One of the best and the worst things about iris is that they reproduce like crazy.  Especially in rainy years like we’ve had the last couple of years.  You can ignore the massive clump of green blades, but if you want more flowers, you have to divide the iris every few years.

A few facts:

July to September is iris dividing season. After bloom but give the roots some time to reestablish.

The roots of iris are called rhizomes…big clunky and ginger-like.  Photosynthesis occurs in the rhizome.  If the rhizome doesn’t get some light, the plant rarely blooms.

The fan (the leaves) that bloomed this year will never bloom again. So you can cut it off and throw it away.  Two buds on either side of this fan will send up their own leaves and bloom next year.   Those are what you’ll be replanting.

Giving away iris is like giving away zucchini in August. Some gardeners are thrilled but others run when they see you coming.

The two most important things to remember when replanting iris:

Good drainage.  Iris will handle drought and bad soil, but standing water rots them.

The rhizome needs to be slightly above soil level.

Now iris come in many colors and there are definitely fads.  This year no one can give away purple iris.  They’ve somehow become commonplace.  But I  brought a huge clump of white iris to a garden meeting and grown women were fighting over single rhizomes.  Go figure.  Fortunately, before digging from the mixed iris bed, we had used a permanent marker to write on the leaves the color of the flower.

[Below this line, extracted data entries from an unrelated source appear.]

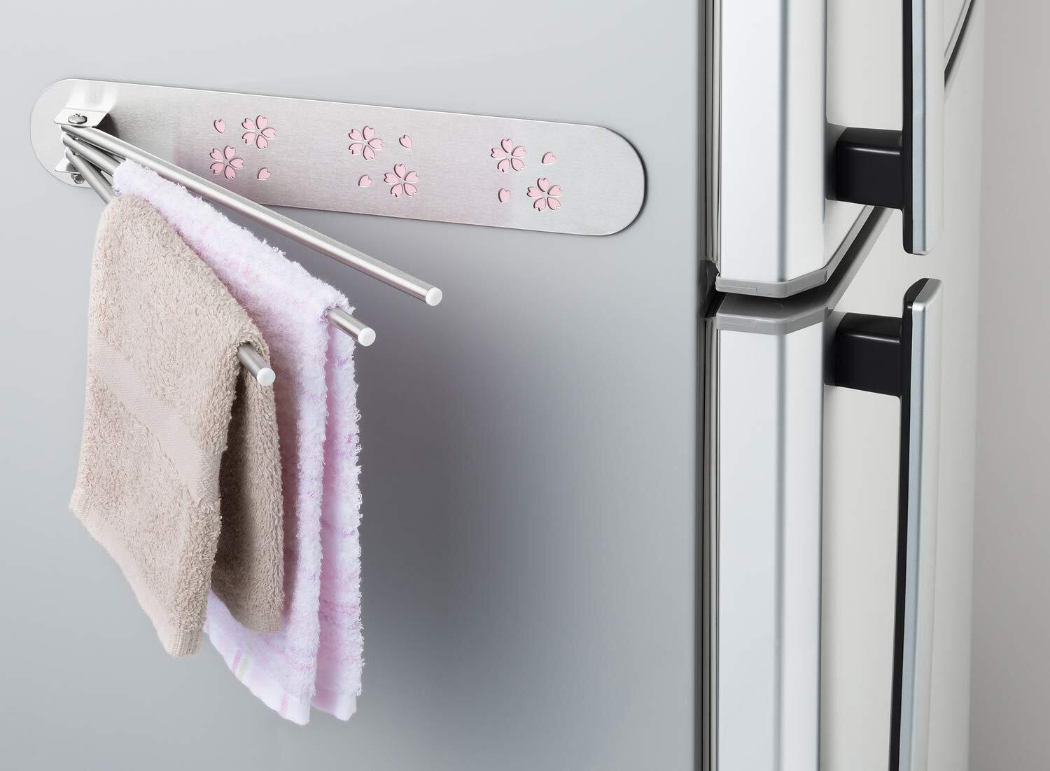 「この『ヨシカワ ステンレス製ふきん掛け』で、あなたのキッチンをさらに魅力的に仕上げてみませんか!」/特徴:エレガントな桜デザインが印象的なこのふきん掛けは、シルバーのステンレス製で、インテリアにも自然に溶け込みます。強力な耐荷重機能を持ち、しっかりとふきんを保持しますので、使い勝手が非常に良いのが特徴です。
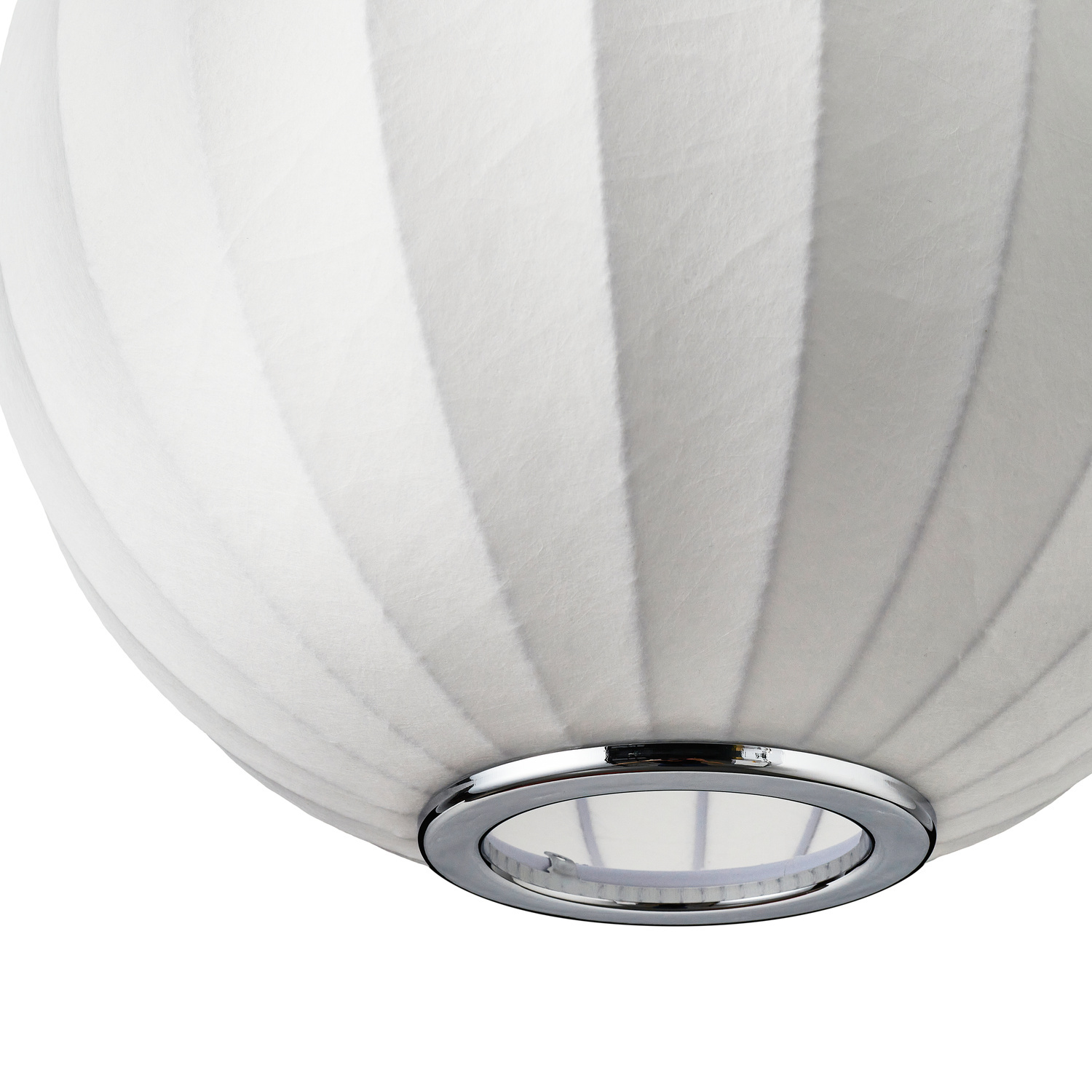 - Lampa wisząca o kulistym kształcie pokryta jedwabiem.
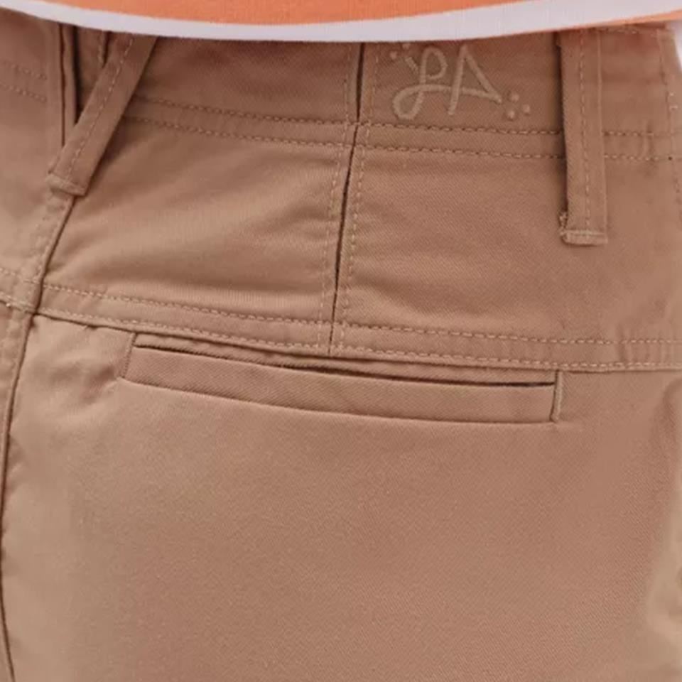 With a focus on enabling style and creativity, the Lizzie Armanto Skate Chino is a heavy twill, high-waisted chino pant featuring a timeless combination of classic chino styling and comfortable stretch. Unique design features on this relaxed pant include the mesh vents at the back darts, a novelty vent stitch at the inseam, an interior mesh waistband and pocket bags, and a Vans flag label at the hem for added branding when legs are cuffed. Lizzie’s signature embroidery stamps the back waistband to round out this easy-wearing style.
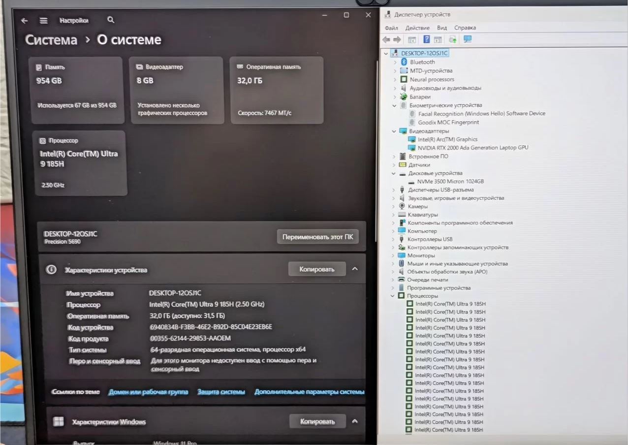 Ultra 9 185H/32GB LPDDR5 7500MHZ/1TB SSD/Quadro 2000 RTX ADA/16 FHD+ матовый.
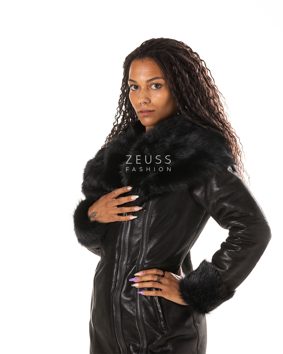 Izrađen od vrhunske prirodne kože, sa bogatim detaljem prirodnog krzna na okovratniku, ovaj monton pruža toplinu, udobnost i prepoznatljivu dozu luksuza.
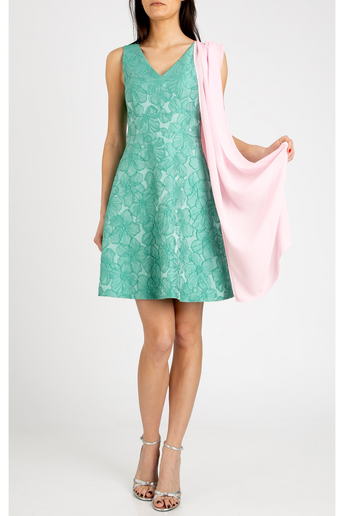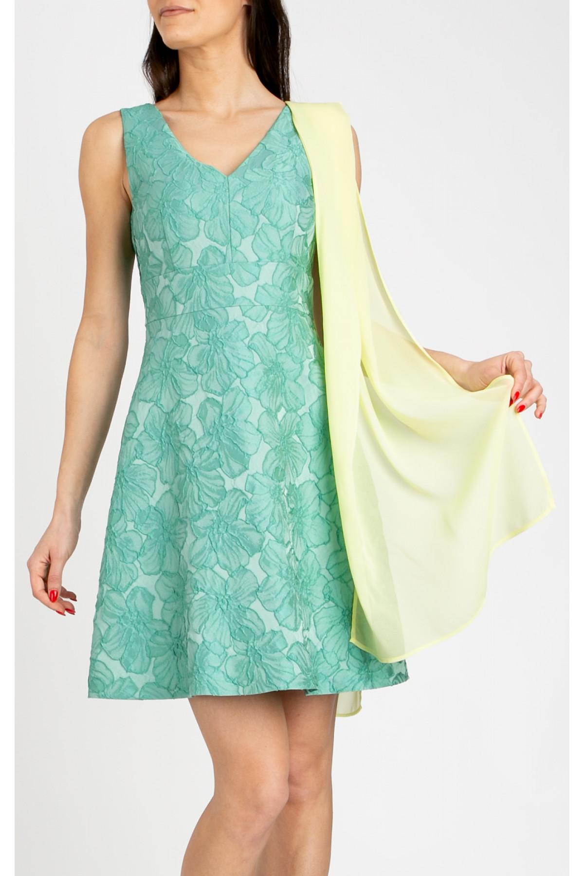 Rochie scurtă de ocazie din jacard satinat de lux în culoarea Sea Green, cu motive florale superbe care conferă profunzime și un relief rafinat țesăturii. Decolteul în V alungește vizual gâtul și oferă un plus de feminitate și eleganță. Talia înaltă este frumos definită printr-o curea lată integrată, care conturează silueta rochiei. Partea inferioară este croită în cloș, fiind potrivită pentru diverse tipuri de siluetă. Finisată cu o căptușeală antistatică și ușor elastică pentru confort și o potrivire impecabilă, această rochie este creată pentru ocazii oficiale, cocktail-uri și evenimente speciale unde nu veți trece neobservată.
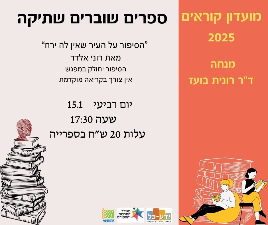 הוסף ללוח שנה 2025-01-15 00:00:00 2025-01-15 01:00:00 Asia/Jerusalem ספרים שוברים שתיקה - הסיפור על העיר שאין לה ירח למידע מלא: http://www.eshkol.info/events/1193/ ספריית ידע כל
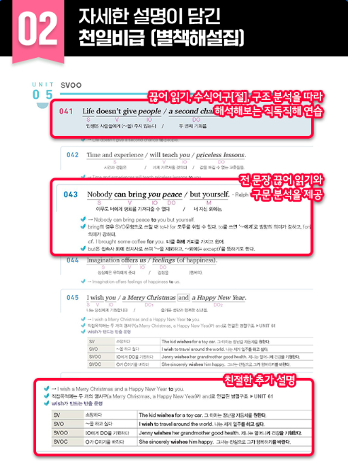 수능과 내신 뿐만 아니라, 공인영어, 공무원 시험 등의 시험에서 빈출되는 중요 구문들도 천일문을 통해 학습이 가능하다. 천일문으로 어떤 시험이든 좋은 결과를 얻길 바란다.

It’s a bit of work but there is one awesome secret about iris that means you have to grow them.  They smell just like their color.  Purple iris smell like grape snowballs.  Yellow iris smell exactly as you’d think yellow should smell.  Apricot iris have a delicate sweet aroma. What a delight to plant a walkway with irises.

 

Photo credit txmg.org/elpaso/event/farmers-market-series-2014-07-26/

Art by Nancy Baker www.hear2heal.com/bearded-ladies-limited-edition-fine-art-iris-garden-nancy-baker-p-756.html

1 reply
  1. Nancy Beckham
    Nancy Beckham says:

    My grandmothers and my mother grew iris and I’ve grown iris since 1988 and we always divided our iris in November. We all live(d) in Alabama and that may have something to do with it. I think it’s too hot here to move iris in the summer. The temperature here will be in the upper nineties today and I believe that puts too much stress on the plants, not to mention the gardener. In early November it will be much cooler. The big question is, “What will I do with the extra iris from the last separation?” I didn’t have enough room in the iris bed for all of them, so I stuck them in pots. In two summers they have sent roots through the bottoms of the pots and into the ground and have tripled the sizes of the rhizomes. Anyone want some iris?